In any case, advisors tend to focus initially either on existing clients or new prospects. With current accounts, you can bring up the option casually during regularly scheduled meetings. Swanburg made a point of seeking out those clients with adult children who might make good candidates, or business owners who might be able to refer employees. A few clients suggested they open accounts earmarked for grandchildren. He has a 70-year-old, tech-savvy client who has decided to roll the minimum distributions from his IRA into the online platform. 

'This is All Brand-New'

On the other hand, Dennis Breier, an advisor in Burr Ridge, Ill., started an RIA last year specifically to attract young professionals who want an all-online service, and will use Autopilot, the robo from CLS Investments’ partnership with Riskalyze. 

But he hasn’t yet offered the option to clients in his older firm, which he formed in 2013. “We have to know the provider we chose will be around for a while,” he says. “This is all brand-new.” 

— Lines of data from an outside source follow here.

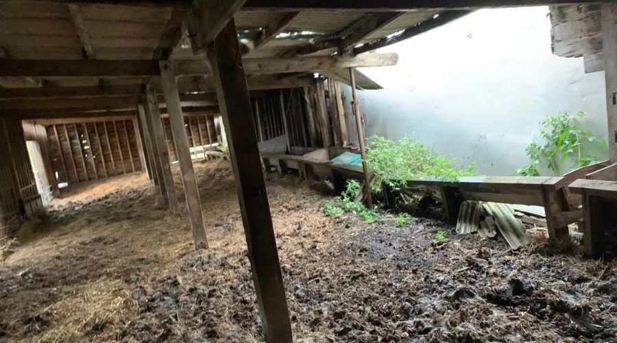 In another shed, the roof was insecurely fixed and was being weighed down with a straw bale in an attempt to prevent it from moving. Roof sheeting was also in poor condition and in a state of disrepair.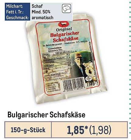 Möchten Sie sofort informiert werden, sobald das Bulgarischer Schafskäse im Angebot ist? Melden Sie sich für unsere Angebots-Benachrichtigungen an. So erhalten Sie eine Benachrichtigung, sobald das Produkt zu einem günstigen Preis verfügbar ist.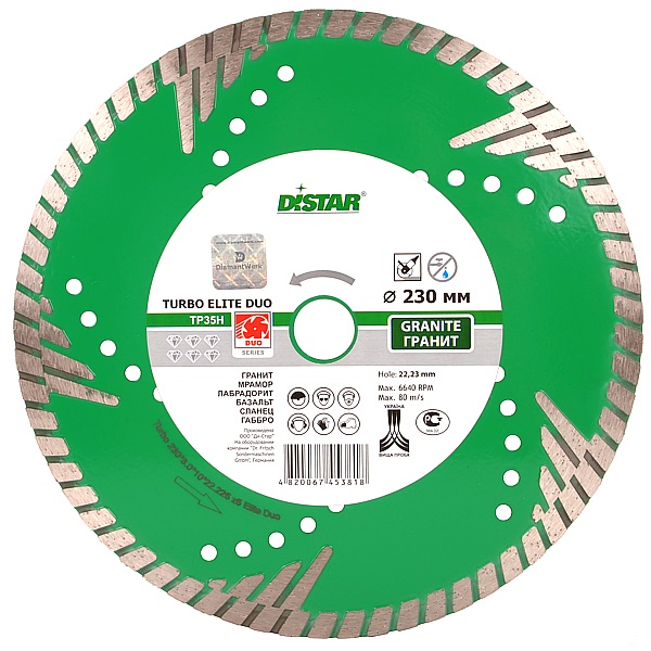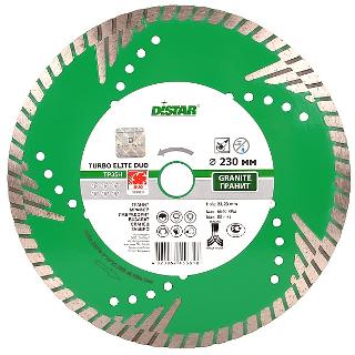 Алмазный круг для ручных углошлифовальных машин от компании DISTAR 1A1R 230 TURBO ELITE DUO это специально разработанный круг с турбированной поверхностью для резания гранита, прочных кварцитов, литого бакора и некоторых видов кирпича.

To find clients that fit his target demographic, Breier relies heavily on social media, with frequent daily posts on Facebook and Twitter; he has attracted 15 clients so far. He schedules his posts through an online program to ensure they run 12 hours a day. “People have got to see your name 100 times on Facebook before they send you a message,” he says. Generally, his posts include links to articles of interest to millennials, like how to plan a wedding, as well as his blog.

While these robo services typically cost around 25 basis points, advisors vary in how they are charging clients on the platforms. Breier charges $99 to $299 a month depending on the client’s net worth and a fee of 50 basis points of their assets under management; he lowered his non-robo clients’ fee to a similar 50 basis points because “we wanted to be consistent with all our clients.” 

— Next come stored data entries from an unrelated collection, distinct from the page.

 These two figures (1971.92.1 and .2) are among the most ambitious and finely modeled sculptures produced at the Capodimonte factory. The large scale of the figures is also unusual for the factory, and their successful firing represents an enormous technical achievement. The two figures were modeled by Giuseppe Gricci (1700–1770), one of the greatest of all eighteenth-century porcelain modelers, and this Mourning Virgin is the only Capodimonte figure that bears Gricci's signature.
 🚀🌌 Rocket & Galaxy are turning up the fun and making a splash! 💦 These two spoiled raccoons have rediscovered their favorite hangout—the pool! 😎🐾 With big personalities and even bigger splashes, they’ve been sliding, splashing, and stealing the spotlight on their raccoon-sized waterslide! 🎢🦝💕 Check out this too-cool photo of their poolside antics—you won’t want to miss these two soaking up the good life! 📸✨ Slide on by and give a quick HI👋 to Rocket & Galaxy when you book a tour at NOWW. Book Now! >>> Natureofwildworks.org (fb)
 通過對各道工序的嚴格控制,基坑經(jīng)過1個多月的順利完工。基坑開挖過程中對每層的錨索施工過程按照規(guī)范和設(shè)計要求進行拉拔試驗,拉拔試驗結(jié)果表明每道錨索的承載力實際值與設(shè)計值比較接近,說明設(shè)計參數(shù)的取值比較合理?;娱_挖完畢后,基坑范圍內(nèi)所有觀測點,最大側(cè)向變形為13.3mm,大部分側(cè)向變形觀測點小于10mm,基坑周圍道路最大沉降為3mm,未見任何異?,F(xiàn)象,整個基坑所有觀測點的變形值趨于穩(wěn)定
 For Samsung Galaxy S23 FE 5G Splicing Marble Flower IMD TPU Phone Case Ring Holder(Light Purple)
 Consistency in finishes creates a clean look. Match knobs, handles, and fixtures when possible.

Others charge anywhere from 30 to 75 basis points. Advisors suggest figuring out how much time you are serving your accounts under the robo model and back up to a fee from there. 

And generally speaking, clients on the robo platform will take less time. “Most advisors use duct tape and Band-Aids, multiple solutions, all of which require at least some human intervention,” says Lockshin. He figures that it takes 10 to 20 hours to handle the traditional operations needed for an account versus a few minutes to set up a robo client, after which, he says, “The account is on autopilot.”

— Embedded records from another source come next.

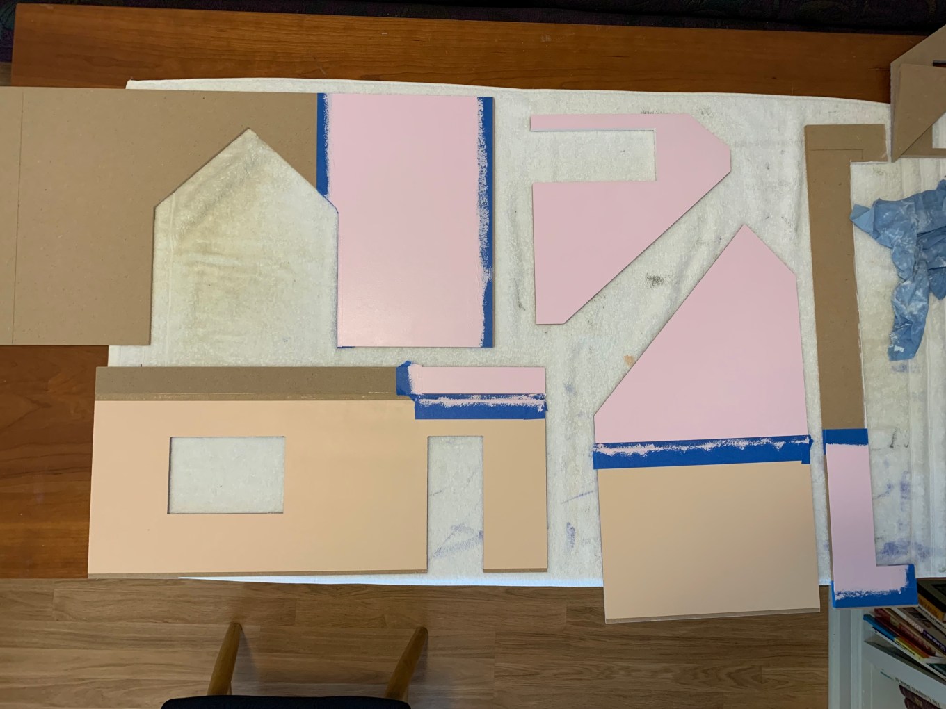 The painting process is the same for each doll house; first paint the exterior and then the interior.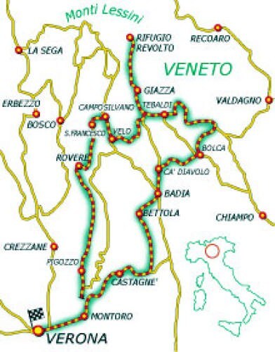 120 chilometri di splendide strade da moto per ritrovare il piacere della guida. Le colline della Valpolicella, montagne, alpeggi e una grande città: Verona. La mappa e la gallery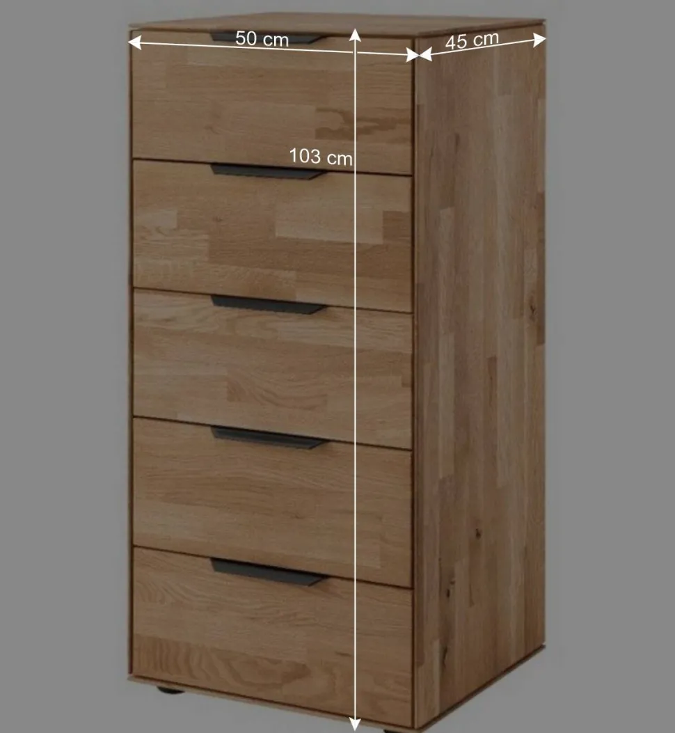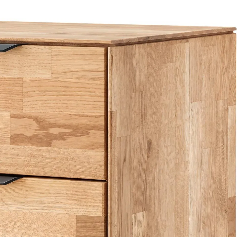 Mit fünf großzügigen Schubladen bietet die „Kassanda“ reichlich Stauraum für Kleidung, Wäsche oder Alltagsgegenstände. Dank der Metallauszüge mit Soft-Close-Technik schließen alle Schubladen sanft und leise. Besonders edel wirken die schwarz eloxierten Kantengriffe aus Aluminium – sie ergänzen das natürliche Wildeichenholz perfekt. Die Griffe werden separat geliefert und lassen sich im Handumdrehen montieren.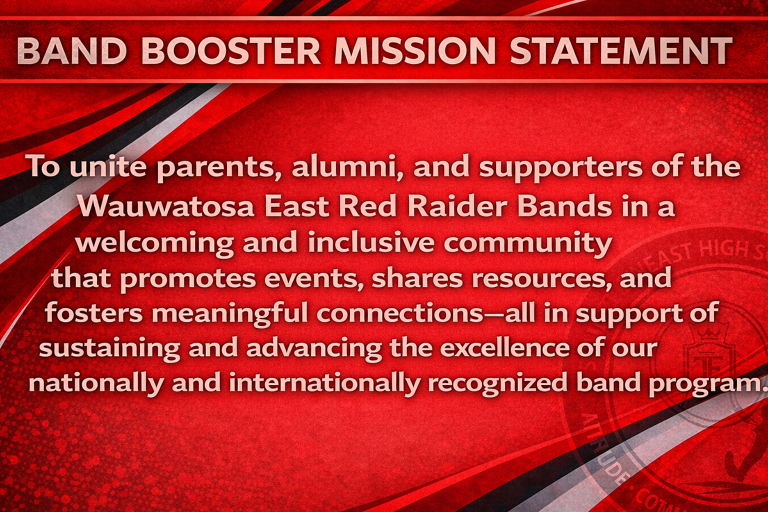 If you’re interested in supporting the Wauwatosa East Red Raider Band through sponsorship, we’d love to connect with you.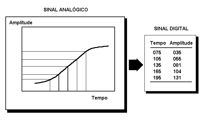 No canal de registro digital, os primeiros elementos são idênticos aos do canal analógico, ou seja, são necessários, da mesma forma, o elemento de captação (ou sonda), o transdutor (ou sensor), e o amplificador analógico. A partir daí, o registrador é substituido por um computador, com seus periféricos, que será usado para converter, armazenar, exibir e/ou registrar o sinal ou sinais provenientes dos canais de entrada. Para que isso aconteça, entretanto, é necessário transformar o sinal original, que geralmente é analógico por natureza (ou seja, varia continuamente em amplitude e no tempo), em números discretos (dígitos), que é a maneira com que o computador trabalha com quantidades numéricas. Isso equivale a tomar medidas de amplitude do sinal, em intervalos regulares, e converter essas medidas em números digitais com certo grau de precisão. Esse processo é chamado de digitalização, ou amostragem do sinal no tempo (Fig. 2), e, técnicamente, é realizado por um circuito eletrônico especializado (geralmente uma placa que se acopla internamente ao microcomputador), chamado conversor analógico-digital, ou conversor A/D.

But that doesn’t always mean the advisor goes on automatic pilot. “When I first started looking into this, I thought we’d never talk to anybody, but that’s not how it really works,” says Breier. “Even millennials want to be able to communicate, although it may be over an online conference instead of in our office.” For that reason, he meets with his traditional clients in person quarterly, while he holds monthly check-in calls with new online accounts, along with two meetings a year via Zoom, a web-conferencing service.

Instead of the monthly calls and quarterly reviews he holds with older clients, Swanburg has a quarterly check-in with his robo clients. He can see on a dashboard whether they are on track or not and if something seems amiss, he can shoot them an email. He encourages clients with questions to call. “It’s hard to get all the detail we might need in an email,” he says.

For the moment, at least, most advisors say the robo platforms haven’t reduced or increased headcount at their firms. “If down the road we have $50 million worth of clients on the platform, maybe we’ll need an additional assistant to handle those calls,” says Swanburg. His firm currently has two assistants.   

On the other hand, Lockshin says that, thanks to the added business, he’s had to hire two more staffers. The expense has been limited, though. Using an automated platform has allowed him to hire less experienced people with lower salaries because so many tasks are done automatically or without the need for time-consuming, error-prone data entry. “There are guard rails in there so you can’t screw up,” he says.